[Task requirements]
Repeat these records exactly, pictures excluded.

Source records
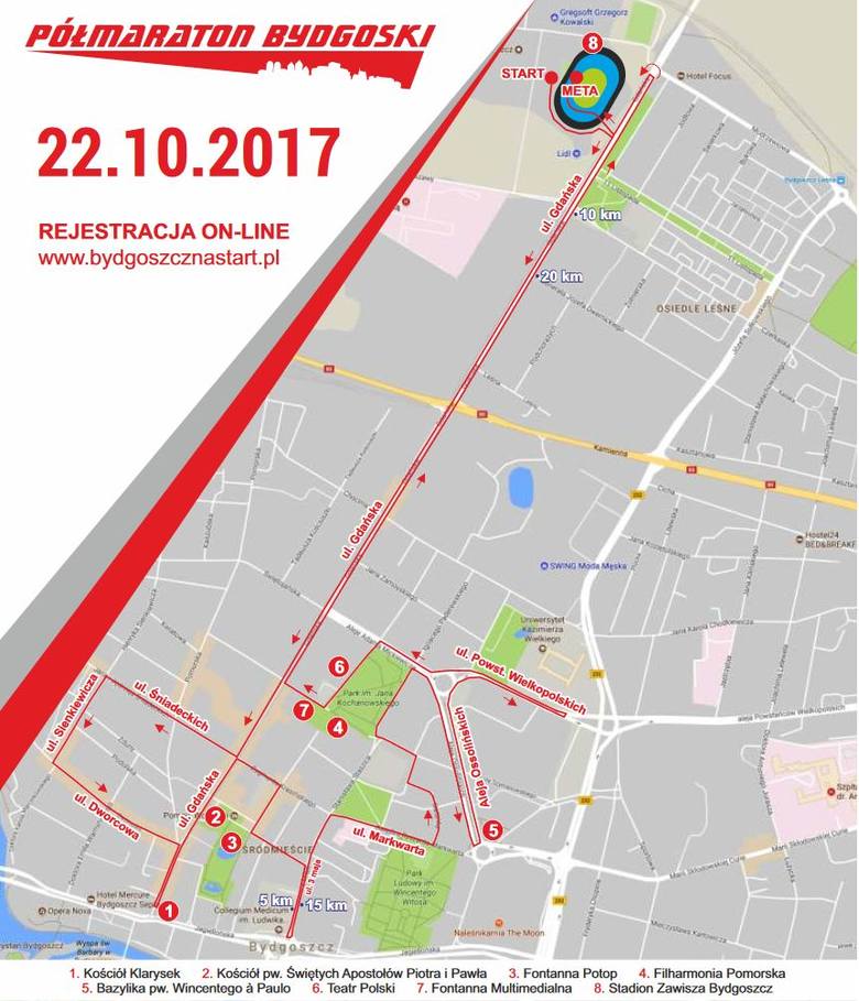 Trasa biegu. Start nastąpi na stadionie Zawiszy przy ul. Gdańskiej. Uczestnicy pobiegną dwukrotnie pętlą, która prowadzić będzie ulicami: Gdańską. Śniadeckich, Sienkiewicza, Dworcową, ponownie Gdańską, nawrót przed Jagiellońską i powrót Gdańską, Krasińskiego, Gimnazjalną, Skargi, 3 Maja, Markwarta, Sielanką, Miłosza, Kopernika, Paderewskiego, Mickiewicza, pl. Weyssenhoffa, Ossolińskich, pl Weyssenhoffa, Powstańców Wlkp., pl. Weyssenhoffa, Mickiewicza, 20 Stycznia, Słowackiego, Gdańską do bramy stadionu. Jednocześnie odbędzie się bieg na 5 km, którego trasa prowadzi po części pętli półmaratonu.
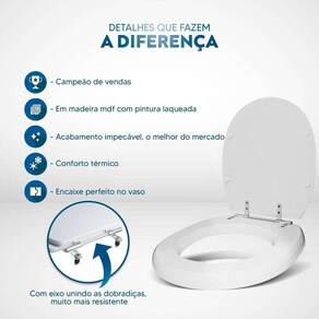 Itens inclusos: assento e tampa em madeira MDF com pintura laqueada. Ferragens metálicas em alumínio anodizado muito resistente, não oxidam e não enferrujam.
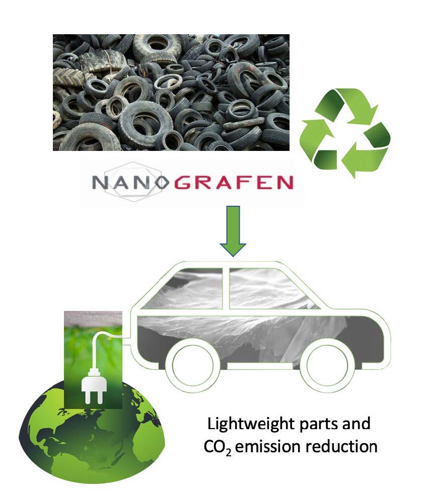 Graphen aus Altreifen für Leichtfahrzeuge: Nanografen stellt per Pyrolyseverfahren Graphen aus Altreifen im Pilotmaßstab her, das als zusätzliche Verstärkung im Compoundierverfahren für kostengünstige und leichte Automobilverbundwerkstoffe verwendet wird.
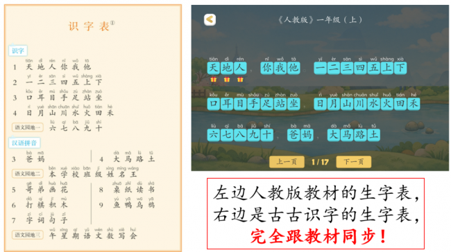 在识字内容上,古古识字的识字表与小学课本完全一致,古古识字的2700+核心生字,严格对标小学1-6年级《识字表》,都是孩子入学后语文课堂上会重点学习、考试中会涉及的内容,避免孩子学“无用字”。
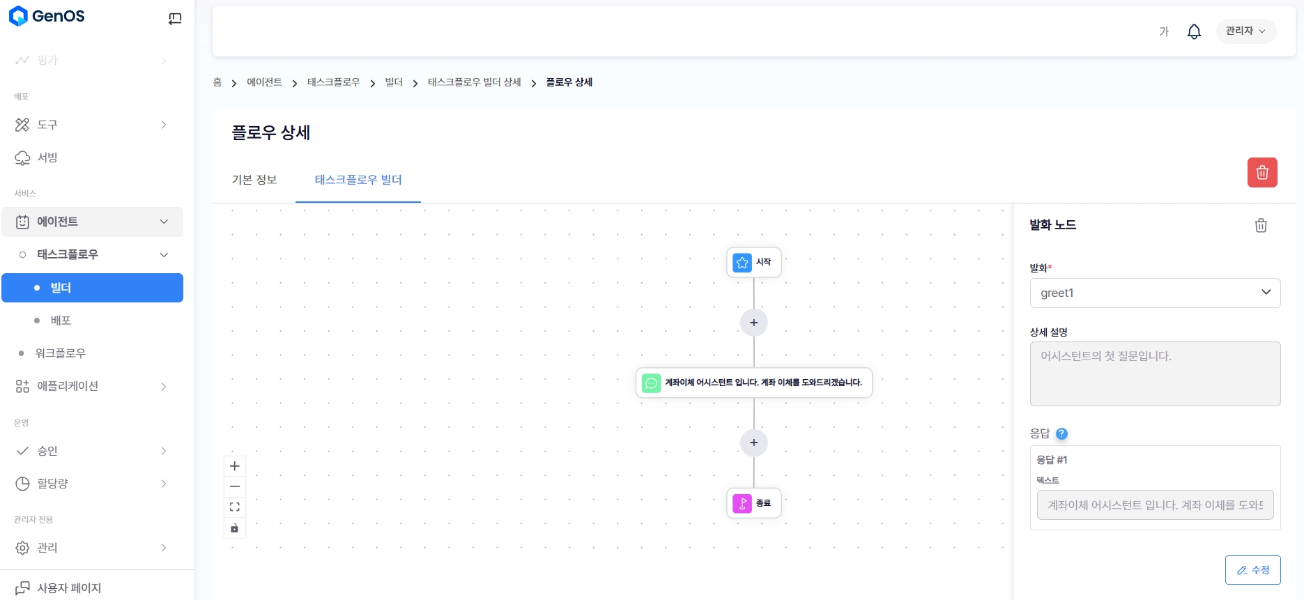 수정 버튼을 클릭하여 태스크플로우 빌더를 수정합니다.
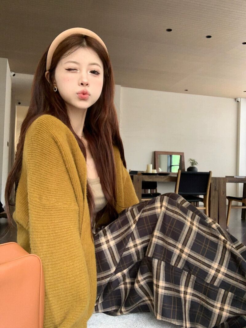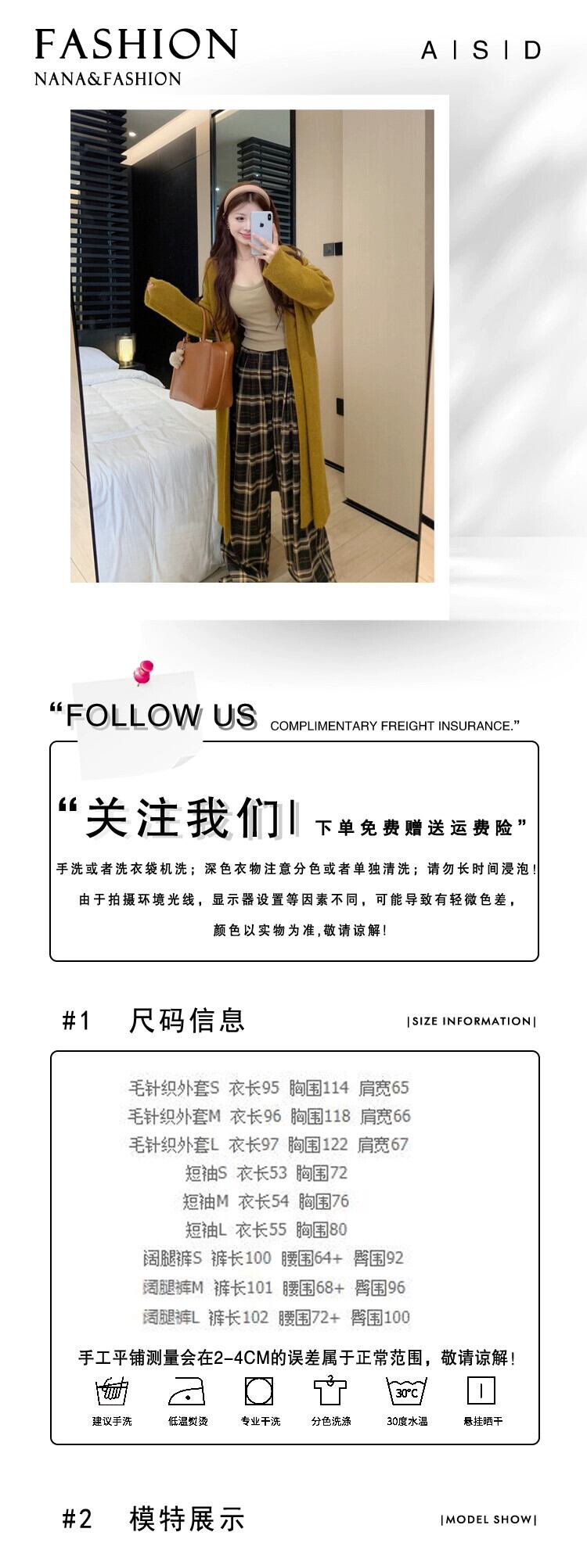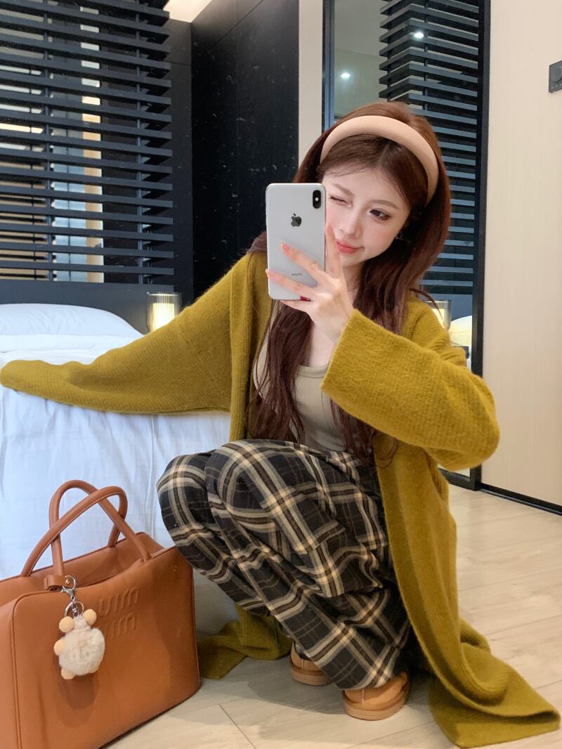 色:ブラウンベスト,ヴィンテージグリーンニットカーディガン,ブラックチェック柄ワイドレッグパンツ

[Answer to this problem]
 Trasa biegu. Start nastąpi na stadionie Zawiszy przy ul. Gdańskiej. Uczestnicy pobiegną dwukrotnie pętlą, która prowadzić będzie ulicami: Gdańską. Śniadeckich, Sienkiewicza, Dworcową, ponownie Gdańską, nawrót przed Jagiellońską i powrót Gdańską, Krasińskiego, Gimnazjalną, Skargi, 3 Maja, Markwarta, Sielanką, Miłosza, Kopernika, Paderewskiego, Mickiewicza, pl. Weyssenhoffa, Ossolińskich, pl Weyssenhoffa, Powstańców Wlkp., pl. Weyssenhoffa, Mickiewicza, 20 Stycznia, Słowackiego, Gdańską do bramy stadionu. Jednocześnie odbędzie się bieg na 5 km, którego trasa prowadzi po części pętli półmaratonu.
 Itens inclusos: assento e tampa em madeira MDF com pintura laqueada. Ferragens metálicas em alumínio anodizado muito resistente, não oxidam e não enferrujam.
 Graphen aus Altreifen für Leichtfahrzeuge: Nanografen stellt per Pyrolyseverfahren Graphen aus Altreifen im Pilotmaßstab her, das als zusätzliche Verstärkung im Compoundierverfahren für kostengünstige und leichte Automobilverbundwerkstoffe verwendet wird.
 在识字内容上,古古识字的识字表与小学课本完全一致,古古识字的2700+核心生字,严格对标小学1-6年级《识字表》,都是孩子入学后语文课堂上会重点学习、考试中会涉及的内容,避免孩子学“无用字”。
 수정 버튼을 클릭하여 태스크플로우 빌더를 수정합니다.
 色:ブラウンベスト,ヴィンテージグリーンニットカーディガン,ブラックチェック柄ワイドレッグパンツ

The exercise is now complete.